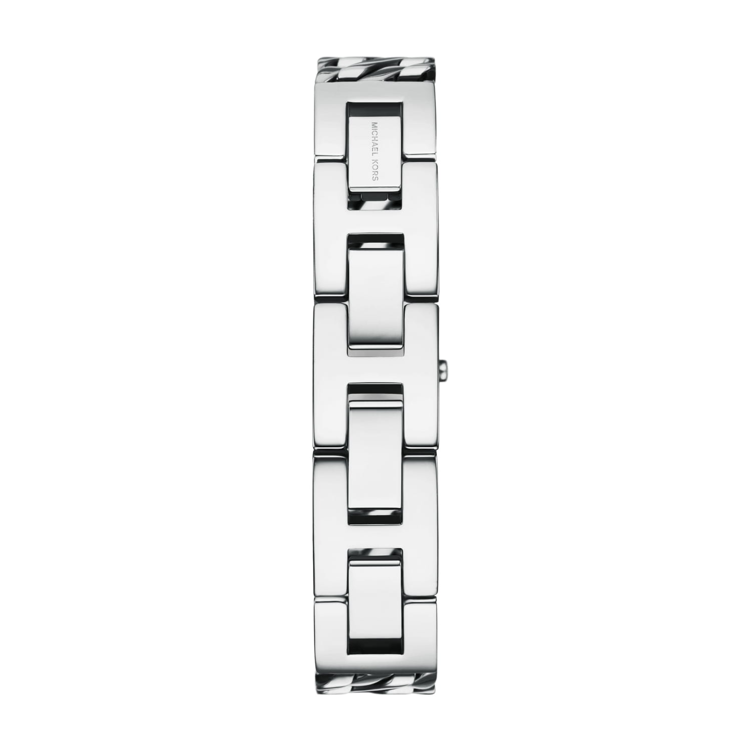 Женские американские часы Michael Kors DARRINGTON MK4909 имеют кварцевый механизм с высокой точностью. Корпус часов изготовлен из нержавеющей стали серебристого цвета, размером 14 мм. Циферблат защищен минеральным стекломМинеральное стеклоМинеральное стекло представляет собой искусственно выращенный минерал кварца. Такое стекло отличается особой устойчивостью к повреждениям и царапинам. Уступает по некоторым качествам сапфировому стеклу., что обеспечивает надежную защиту от царапин и повреждений. Класс водозащиты: 50 метров позволит защитить корпус от случайных брызг или капель дождя. Стальной браслет на ювелирной застёжкеРаскладная застёжкаТакой тип застёжки используется только на браслетах из металла. Она никогда не раскрывается полностью, происходит разделение на 2 и более частей. Раскладывающая застёжка снизит вероятность потери часов к минимуму. обеспечивает надежную фиксацию на запястье и легкость в надевании и снятии. Эти часы станут отличным дополнением к любому наряду, подчеркивая индивидуальность и стиль их обладательницы. Идеальный аксессуар, который придаст женскому образу завершенность и особый шарм.
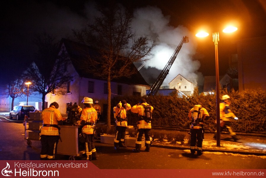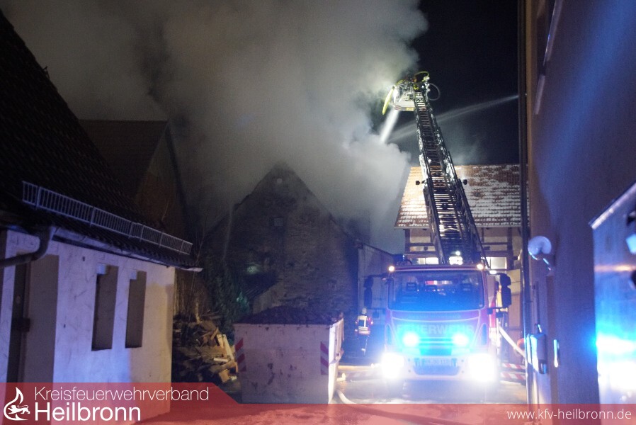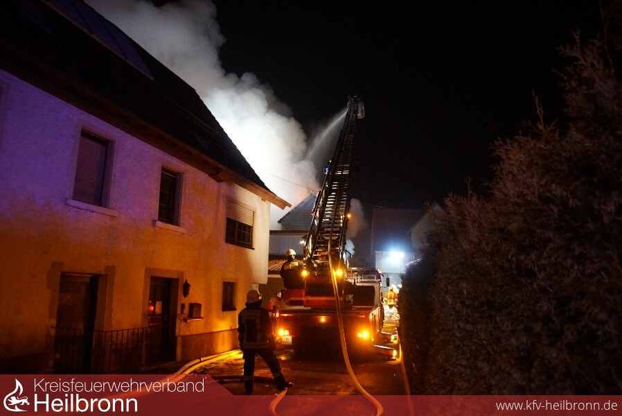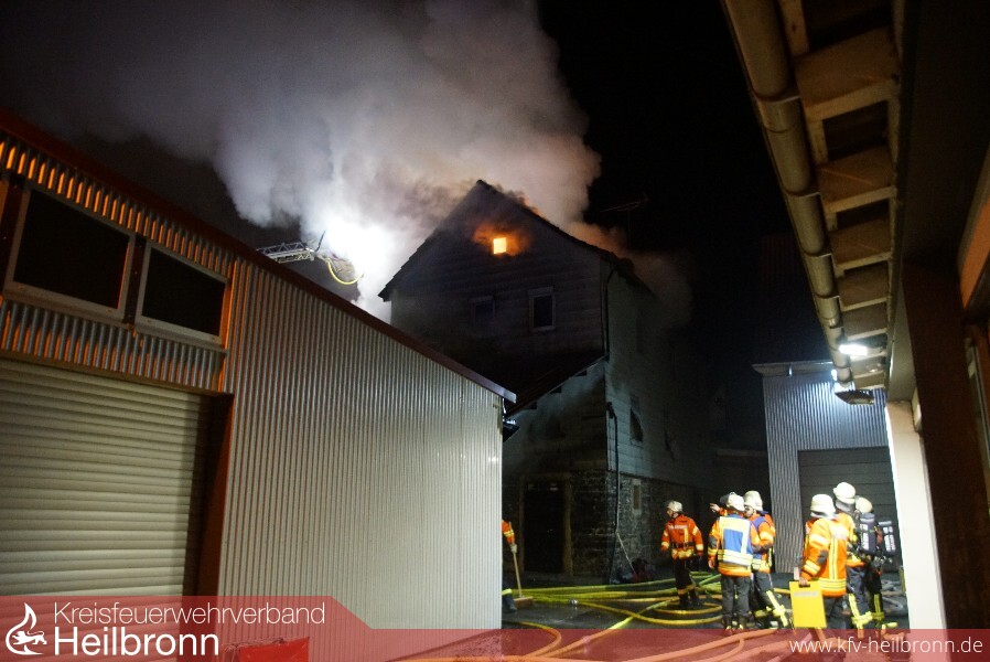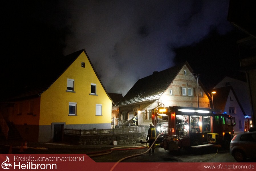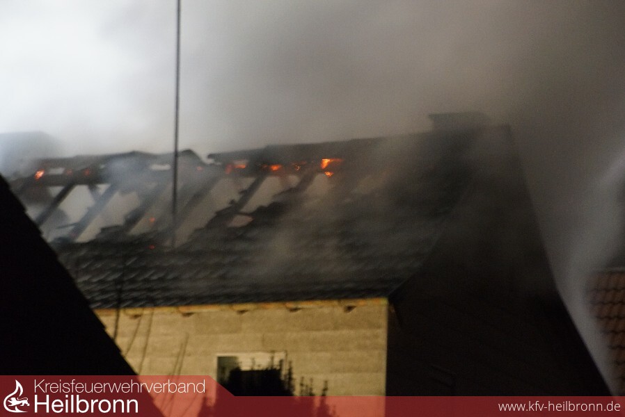 Schon auf der Anfahrt war eine starke Rauchsäule sowie ein Flammenschein zu erkennen. An der Einsatzstelle stellte sich heraus, dass ein Dachstuhl eines leerstehenden Mehrfamilienhauses und die angebaute Scheune in Flammen standen. Sieben Minuten nach der Alarmierung war die Abteilung Obergimpern vor Ort und bereitete den ersten Löschangriff vor. Nach dem Eintreffen weiterer Abteilungen waren mehrere Trupps unter Atemschutz zur Brandbekämpfung und Personensuche im Innenangriff, da Anfangs nicht klar war, ob sich noch Personen im Gebäude befanden. Dies war jedoch nicht der Fall. Zur schnellen und massiven Brandbekämpfung hatten die Feuerwehren Bad Wimpfen und Bad Rappenau jeweils eine Drehleiter mit einem Wenderohr im Einsatz. Die Feuerwehr Neckarsulm war mit dem Einsatzleitwagen 2 und dem Gerätewagen Messtechnik im Einsatz, welche jedoch nach kurzer Zeit wieder einrücken konnten. Der Abrollbehälter Atemschutz der Berufsfeuerwehr Heilbronn war ebenfalls vor Ort.
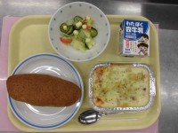 今日の主菜は「コロッケ」です。コロッケは、フランス料理の「クロケット」が訛ったものです。「クロケット」の語源は「クロッケー」というスポーツで使われる用具に形が似ていること、「カリカリした物」という意味のフランス語「クロッカー」から名付けられました。
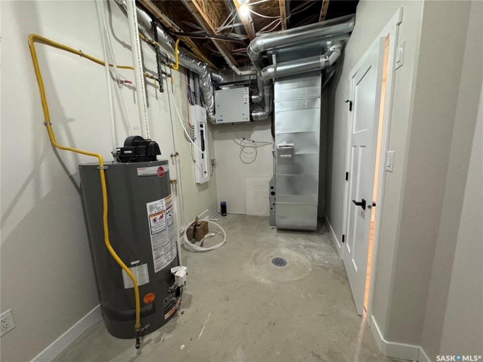 This stunning custom-built 2025 bungalow is crafted by a highly reputable builder and offers 1,354 sq. ft. of thoughtfully designed living space, plus a fully finished basement. The home features a fully fenced yard, maintenance-free deck, double concrete driveway with sidewalk, and a double insulated and heated garage—perfect for year-round comfort and convenience. The main floor welcomes you with two separate entrances sharing a spacious closet, ideal for busy households. You'll find three bedrooms on the main level, one of which is equipped with washer/dryer hookups for optional main-floor laundry. The primary bedroom includes a large walk-in closet, ready for the buyer to customize with a $1,000 design allowance. The open-concept main living area is bright and inviting, featuring custom white kitchen cabinetry and easy-maintenance flooring that flows seamlessly throughout—perfect for modern living and entertaining. The finished basement adds exceptional value with two additional bedrooms, a large family room/games area, ample storage, a 4-piece bathroom, and a dedicated utility room. Additional highlights include central air conditioning and central vacuum. Ideally located within walking distance to an elementary school and church, this home offers both comfort and community. Note: GST and PST extra. Property taxes on land only. Seller to assign any housing rebates to the Buyer. Buyer to verify all measurements. FLOOR PLAN AVAILABLE UPON REQUEST. A move-in-ready property that combines quality craftsmanship, smart design, and an excellent location. New Home Warranty Included. Calll to view today!
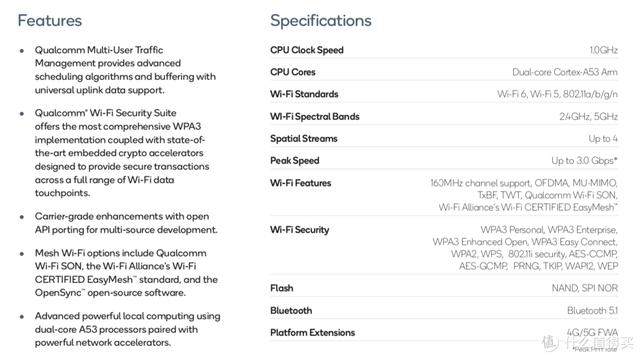 和MTK的MT7622芯片相似,IPQ5000系列芯片也整合了2.4G无线芯片功能,提供2x2mimo的2.4G Wi-Fi 6支持,最高速率574Mbps。搭配QCN6102这颗2x2 mimo 5G Wi-Fi6无线芯片(支持160MHz,最高速率2402Mbps)后,就组成为AX3000入门Wi-Fi6方案了。该方案的优点有:
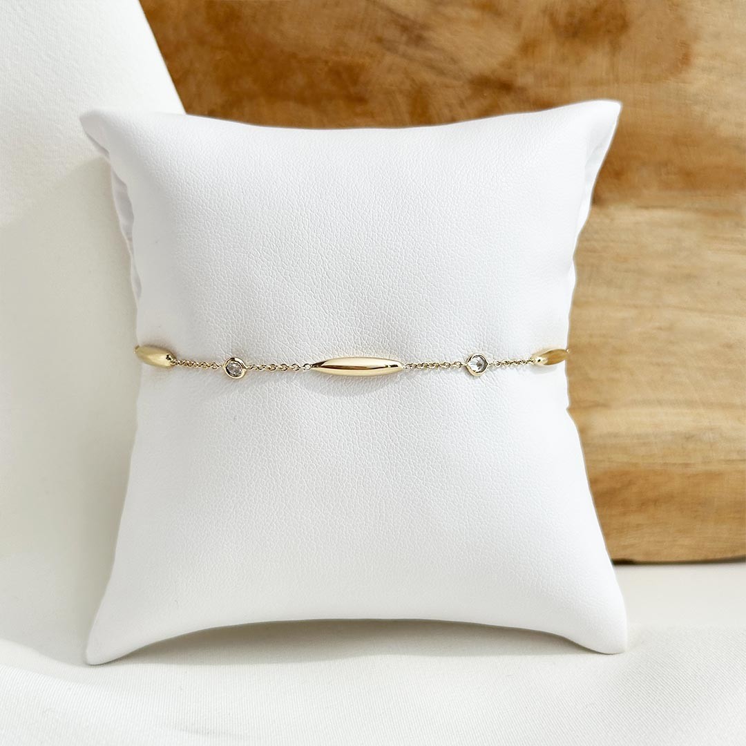 Dieses zarte Armband aus 585er Gelbgold besticht durch sein luftiges Design mit feinen, länglichen Goldelementen, zwischen denen kleine, farblose Zirkonia für dezente Lichtreflexe sorgen. Die Kombination aus glänzendem Gold und funkelnden Steinen verleiht dem Armband eine moderne, zugleich elegante Ausstrahlung. Mit einer Länge von 19cm und einer Zwischenöse bei 17cm lässt es sich individuell anpassen und angenehm tragen. Ein stilvolles Schmuckstück, das Leichtigkeit mit feinem Glanz verbindet – ideal für jeden Tag oder als feiner Akzent zu besonderen Anlässen.
----
**DESCRIPTION OF THE TASK:**
Copy out exactly the lines between the line containing "Wi-Fi 6支持,最高速率574Mbps。搭配QCN6102这颗2x2 mimo" and the end of the entries, including both, and leave the pictures behind.

**EXERCISE RESULT:**
 和MTK的MT7622芯片相似,IPQ5000系列芯片也整合了2.4G无线芯片功能,提供2x2mimo的2.4G Wi-Fi 6支持,最高速率574Mbps。搭配QCN6102这颗2x2 mimo 5G Wi-Fi6无线芯片(支持160MHz,最高速率2402Mbps)后,就组成为AX3000入门Wi-Fi6方案了。该方案的优点有:
 Dieses zarte Armband aus 585er Gelbgold besticht durch sein luftiges Design mit feinen, länglichen Goldelementen, zwischen denen kleine, farblose Zirkonia für dezente Lichtreflexe sorgen. Die Kombination aus glänzendem Gold und funkelnden Steinen verleiht dem Armband eine moderne, zugleich elegante Ausstrahlung. Mit einer Länge von 19cm und einer Zwischenöse bei 17cm lässt es sich individuell anpassen und angenehm tragen. Ein stilvolles Schmuckstück, das Leichtigkeit mit feinem Glanz verbindet – ideal für jeden Tag oder als feiner Akzent zu besonderen Anlässen.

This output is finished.